This high quality six-part BBC series is world away from the average modern history `infotainment' programme. Historian Michael Wood, more normally seen in some exotic foreign location, brings enthusiasm and expertise to the subject and makes several thousand years of past events accessible to a wide audience.
This series is involving and informative, but it's not dumbed down or endlessly repetitive. There's no running and shouting in false excitement which plagues some archaeological digs, no tedious/preposterous dramatic reconstructions. Just plenty of info and insight, examined and shared by a congenial, knowledgeable host.
Wood aimed to tell the story of England as seen from the perspective of the common man, not simply the usual list of kings and queens and dates, which can feel sterile and separate from the reality of actual life. He chose Kibworth in Leciestershire because it is so well represented in various written archives: by fluke, a collection of three hamlets happen to be recorded in all manner of old documents giving a unique insight into the life and times of families 500 and more years ago. The paperwork was kept safe in an Oxford College archive, stashed within the library's stone walls where fire couldn't threaten this collection of revealing details about daily life.
Kibworth is also geographically slap-bang in the middle of the country, and was thus affected by almost every major turning point in British history, be it invaders from the south, east or north, or plague and pestilence. In many ways Kibworth could be `any village', and it serves extremely well to represent the typical development of English society over two millennium and more. Although Kibworth forms the centrepiece of the programmes, Wood wanders further afield as well, and as required to demonstrate any significant points of history where the Kibworth records have a gap in them. This is a mature investigation, not one hide-bound by nonsensical TV formalities...
The series involved an enormous commitment from the production team and took many months to research and film. The result is not only rewarding in depth as well as breadth, but also an intriguing reflection of a modern village throughout an average year. Part of what makes each programme very rewarding to watch is the involvement and enthusiasm of the local people, who played an enormous part in this project. They dug some 50 or 60 archaeological pits, supervised by historians and experts (including Carenza Lewis; always nice to see her on camera!), and found all manner of artefacts from pre-historic through Roman and Anglo-Saxon periods, past the Middle Ages and up to the late Georgian. One of the interesting on-camera experts was a bike-riding dude who knew his pot sherds backwards; someone would show him a fragment of battered ceramic and he could almost say whose workshop it had come from, 1500 years ago!

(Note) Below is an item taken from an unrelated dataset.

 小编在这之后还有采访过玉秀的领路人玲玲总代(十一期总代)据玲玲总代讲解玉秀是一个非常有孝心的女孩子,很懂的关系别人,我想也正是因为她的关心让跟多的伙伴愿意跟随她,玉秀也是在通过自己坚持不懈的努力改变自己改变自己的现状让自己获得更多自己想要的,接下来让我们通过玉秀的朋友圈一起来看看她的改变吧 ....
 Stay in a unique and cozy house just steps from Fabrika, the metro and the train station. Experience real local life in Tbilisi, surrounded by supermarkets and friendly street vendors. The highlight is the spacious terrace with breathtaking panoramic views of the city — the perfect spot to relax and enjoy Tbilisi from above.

The series is divided into six periods from Romans to Normans; Domesday to Magna Carta; Great Famine and Black Death; Peasant's Revolt to Tudors, and then through the Industrial Revolution and two Word Wars. So we experience life in village England as revealed by the Roman villa and Norman castle, or the activities of viking settlers (including how place-names evolved from their language); from the effects of the 100 years war to the beginning of an education system and how it affected locals, all the way past the suffragettes, and Luftwaffe bombing in WW2.

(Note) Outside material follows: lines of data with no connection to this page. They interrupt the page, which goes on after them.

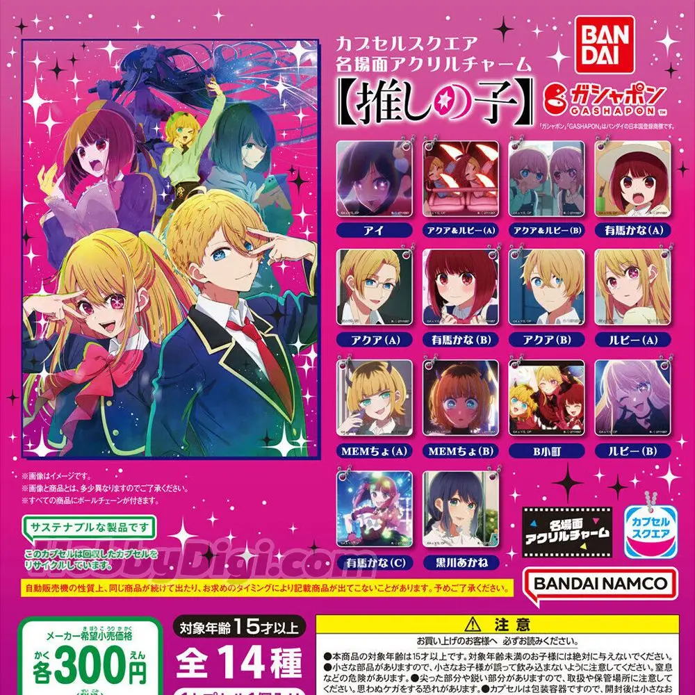 Dans cette série de Gashapon Oshi No Ko, découvrez et collectionnez les scènes cultes de ce manga/anime sous forme de porte clés/pendentif en acrylique.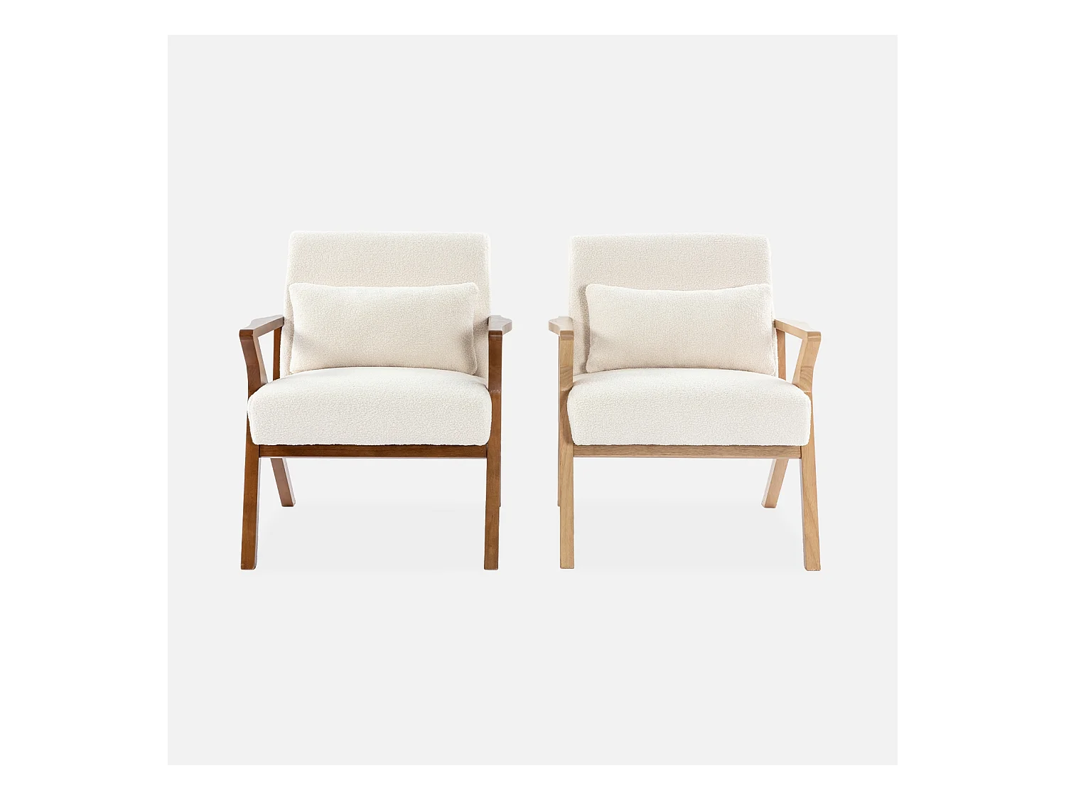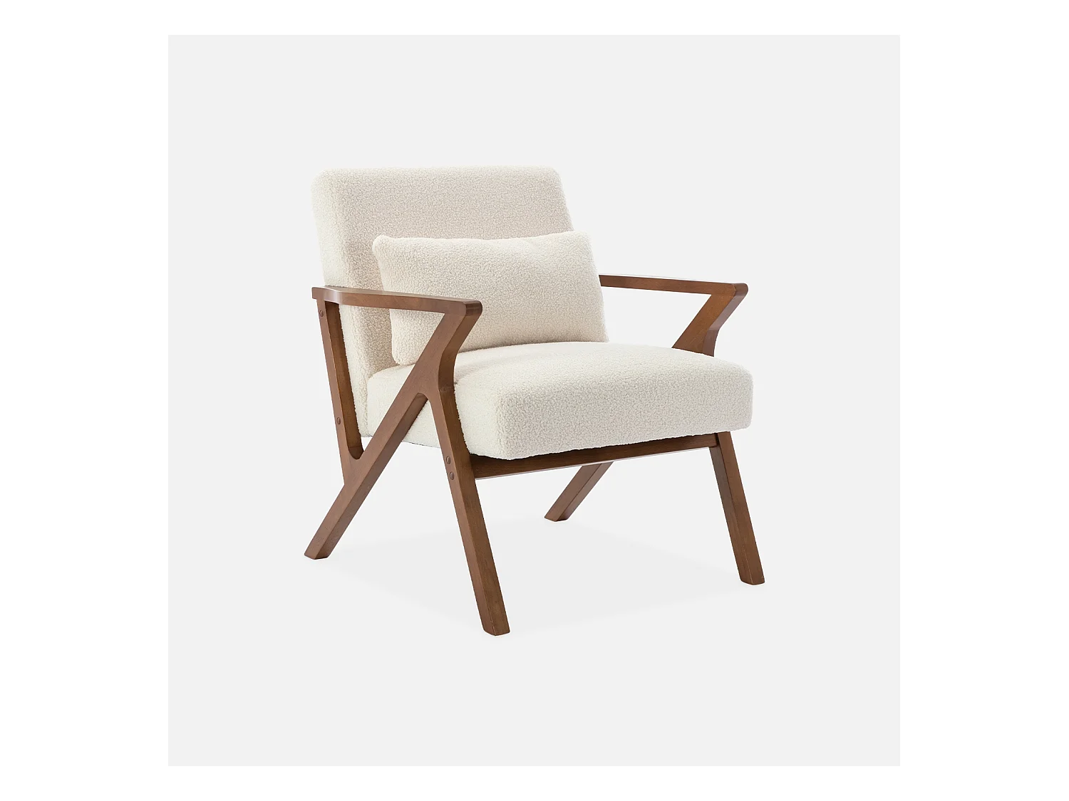 Poltrona scandinava in legno e tessuto bouclè, bianco
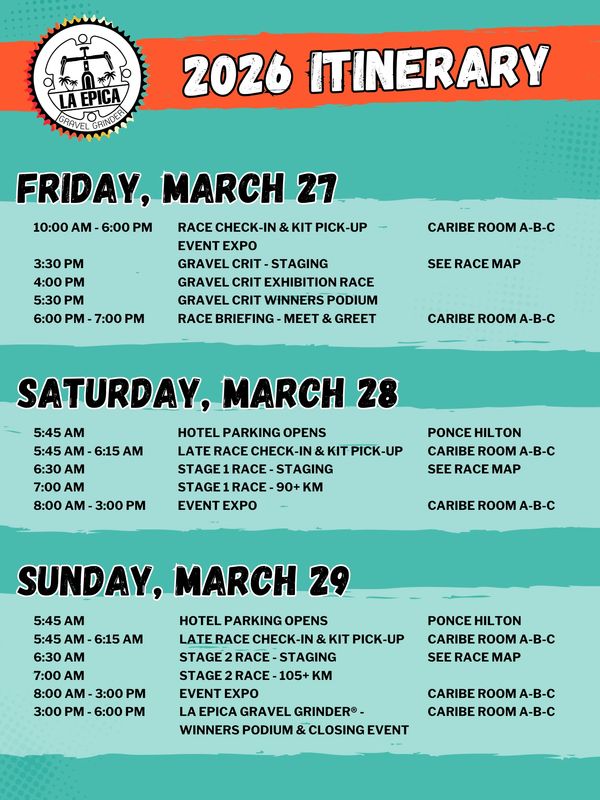 Here’s your official itinerary so you don’t miss a moment of the action—from check-in to race day.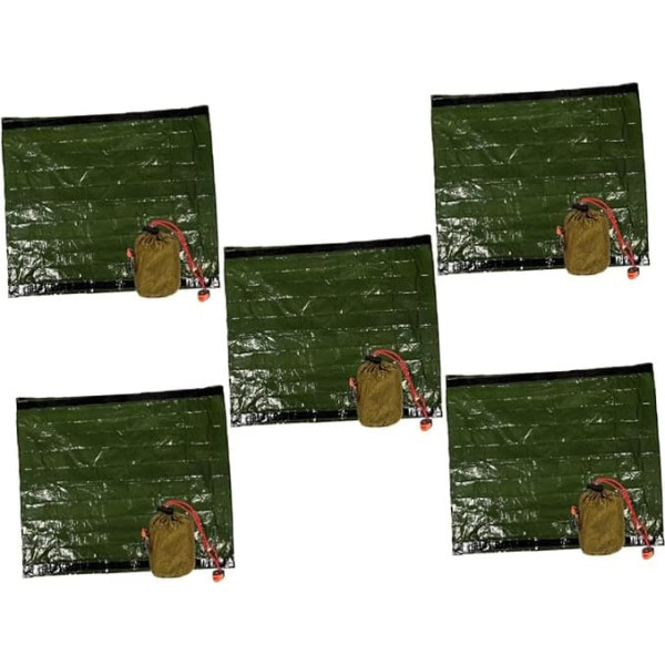 Emergency blanket: it helps you protect yourself from the cold air and ensures a warm and comfortable rest when camping in winter. emergency blankets Emergency supplies: workmanship, durable and robust, wear-resistant or tear-resistant, you deserve one, an emergency rescue blanket Survival sleeping tent: made of good and robust material, the emergency blanket is durable, lightweight and easy to carry, outdoor camping accessories Emergency sleeping bag: the emergency sleeping bag can be used not only as a survival sleeping bag, but also as a survival sleeping bag and as a hiking heat blanket Emergency bag: the survival sleeping bag is multifunctional and can also be used as a survival blanket and sleeping bag, sleeping bags for adults › See more product details; Product description Box contents: 5 x survival sleeping bag, 5 x storage bag. Features - Size: 213.00 x 91.00 x 0.10 cm/83.71 x 35.76 x 0.04 in camping sleeping bag. - Material: PE, rescue blankets made of aluminium foil. - Colour: green emergency sleeping bag. - Essential for outdoor activities, adventures, expeditions, tourism and more; helpful in all outdoor emergency situations. - It helps you to sufficiently insulate from the cold air and ensures a warm and comfortable rest when camping in the winter emergency blanket. - Workmanship, durable and sturdy, not easy to wear or tear, you deserve a rescue blanket. - The survival sleeping bag is a perfect, necessary activity and is suitable for hiking, camping, cycling, etc. as survival equipment. - Can be used as an emergency blanket, survival tent, sleeping bag, picnic blanket, essential backpack item for climbers and as an emergency thermal blanket for hikers. Product Information Emergency supplies: this emergency sleeping bag can keep you warm, a tool for personal, emergencies, etc. Camping blanket. After an accident, the first aid sleeping bag can be used to cover the person and prevent a strong temperature drop. Emergency blanket. The emergency sleeping bag is mainly used to prevent hypothermia; Product description Box contents: 5 x survival sleeping bag, 5 x storage bag. Features - Size: 213.00 x 91.00 x 0.10 cm/83.71 x 35.76 x 0.04 in camping sleeping bag. - Material: PE, rescue blankets made of aluminium foil. - Colour: green emergency sleeping bag. - Essential for outdoor activities, adventures, expeditions, tourism and more; helpful in all outdoor emergency situations. - It helps you to sufficiently insulate from the cold air and ensures a warm and comfortable rest when camping in the winter emergency blanket. - Workmanship, durable and sturdy, not easy to wear or tear, you deserve a rescue blanket. - The survival sleeping bag is a perfect, necessary activity and is suitable for hiking, camping, cycling, etc. as survival equipment. - Can be used as an emergency blanket, survival tent, sleeping bag, picnic blanket, essential backpack item for climbers and as an emergency thermal blanket for hikers. Product Information Emergency supplies: this emergency sleeping bag can keep you warm, a tool for personal, emergencies, etc. Camping blanket. After an accident, the first aid sleeping bag can be used to cover the person and prevent a strong temperature drop. Emergency blanket. The emergency sleeping bag is mainly used to prevent hypothermia; Box contents: 5 x survival sleeping bag, 5 x storage bag. Features - Size: 213.00 x 91.00 x 0.10 cm/83.71 x 35.76 x 0.04 in camping sleeping bag. - Material: PE, rescue blankets made of aluminium foil. - Colour: green emergency sleeping bag. - Essential for outdoor activities, adventures, expeditions, tourism and more; helpful in all outdoor emergency situations. - It helps you to sufficiently insulate from the cold air and ensures a warm and comfortable rest when camping in the winter emergency blanket. - Workmanship, durable and sturdy, not easy to wear or tear, you deserve a rescue blanket. - The survival sleeping bag is a perfect, necessary activity and is suitable for hiking, camping, cycling, etc. as survival equipment. - Can be used as an emergency blanket, survival tent, sleeping bag, picnic blanket, essential backpack item for climbers and as an emergency thermal blanket for hikers. Product Information Emergency supplies: this emergency sleeping bag can keep you warm, a tool for personal, emergencies, etc. Camping blanket. After an accident, the first aid sleeping bag can be used to cover the person and prevent a strong temperature drop. Emergency blanket. The emergency sleeping bag is mainly used to prevent hypothermia

High points for me included the Gar Tree, a local gathering / speaking point. Also, some of the best moments come when Wood examines actual documents from hundreds of years ago, poring over crumbling, yellowed pages, using his handy magnifying glass and translating from old English, rejoicing when a familiar family name pulls the thread of a story together. Proper historical research - as it occurs, on camera!
Low points? Hardly any... although I suspected that the `discovery' of a Norman `castle' at Kibworth was maybe a little more wishful thinking than an actual reality.
The filming is more intimate and relaxed than in a typical history series; Wood narrates each segments and does a goodly number of turns to camera while bounding around the landscape (wearing his trademark blue scarf, we noted), but his is far from the only voice we hear. Actually, some of the vox pop interviews get a bit repetitive, as does the footage of local folk in the pub. However, when local villagers speak the recorded words of their predecessors, it brings a very personal touch to details of what work they owed their landlord, or how many people they'd laid to rest in a period of plague. There are some extremely poignant, human moments.
I've just one big gripe about the DVD release: it could have been so much longer than just the original six 60 minute programmes. There must be tonnes of unused footage, and it would have been ideal to re-edit the episodes to give greater detail - or simply create a couple of extra bonus programmes for us enthusiasts.
The nature of the filming is rather more restrained than on, say, Michael Wood's Indian history series. It's less flamboyant and a little humdrum at times. However, the English countryside still provides some breath-taking moments, admirably captured by the crew.
If you ever felt really frustrated that Time Team only touches the tip of the iceberg (and that most TV archaeology progs end just as they start to get interesting), then the Story of England should prove thoroughly rewarding. I've enjoyed every episode and my understanding of how English culture and customs has grown considerably.